11. An amylin analog, administration regimen, or method for use according to any one of claims 1 to 10, wherein the amylin analog is administered to a subject in doses of approximately 10 mg, approximately 9.5 mg, approximately 9 mg, approximately 8.5 mg, approximately 8 mg, approximately 7.5 mg, approximately 7 mg, approximately 6.5 mg, approximately 6 mg, approximately 4.4 mg, approximately 3.4 mg, approximately 2.4 mg, approximately 1.4 mg, approximately 0.7 mg, approximately 0.35 mg, approximately 0.16 mg, approximately 0.08 mg, and / or approximately 0.04 mg.

12. An amylin analog for use, a dosage regimen, or method according to any one of claims 1 to 11, wherein the amylin analog is administered to a subject once daily, once every two days, once a week, once every two weeks, once every three weeks, or once every four weeks.
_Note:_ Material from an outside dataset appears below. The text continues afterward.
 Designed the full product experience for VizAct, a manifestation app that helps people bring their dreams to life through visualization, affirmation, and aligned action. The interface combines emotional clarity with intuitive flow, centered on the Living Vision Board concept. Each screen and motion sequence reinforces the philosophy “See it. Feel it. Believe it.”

13. (i) The activity of the concomitant agent is affected by the rate of gastric emptying. (ii) The timing of administration of the concomitant agent is affected by or dependent on the gastric emptying rate, and / or (iii) The dose of the concomitant drug administered is affected by or dependent on the gastric emptying rate, An amylin analog, administration regimen, or method for use according to any one of claims 1 to 12.

14. The amylin analog, administration regimen, or method for use according to any one of claims 1 to 13, wherein the concomitant agent is an oral or parenteral drug.
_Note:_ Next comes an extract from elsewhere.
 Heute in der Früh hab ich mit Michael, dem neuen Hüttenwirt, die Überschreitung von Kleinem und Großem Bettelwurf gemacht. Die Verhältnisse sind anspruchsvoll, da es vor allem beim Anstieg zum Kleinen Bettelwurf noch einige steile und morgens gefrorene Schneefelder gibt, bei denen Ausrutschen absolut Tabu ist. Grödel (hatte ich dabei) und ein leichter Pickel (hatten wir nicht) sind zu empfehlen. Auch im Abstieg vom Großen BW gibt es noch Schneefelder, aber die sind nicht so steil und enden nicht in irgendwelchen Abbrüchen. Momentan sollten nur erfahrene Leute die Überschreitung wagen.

15. The amylin analog, administration regimen, or method for use according to any one of claims 1 to 14, wherein the concomitant agent is a pharmaceutical selected from the group consisting of analgesics, antibiotics, anticoagulants, contraceptives, antihypertensive drugs, statins, antifungals, hypoglycemic agents, oral pharmaceuticals with a narrow therapeutic index, and nutritional supplements.

16. An amylin analog, administration regimen, or method for use according to any one of claims 1 to 15, wherein the concomitant agent is selected from the group consisting of insulin, acetaminophen, digoxin, warfarin, metformin, hydrocortisone, griseofulvin, glibenclamide, gliclazide, and glipizide.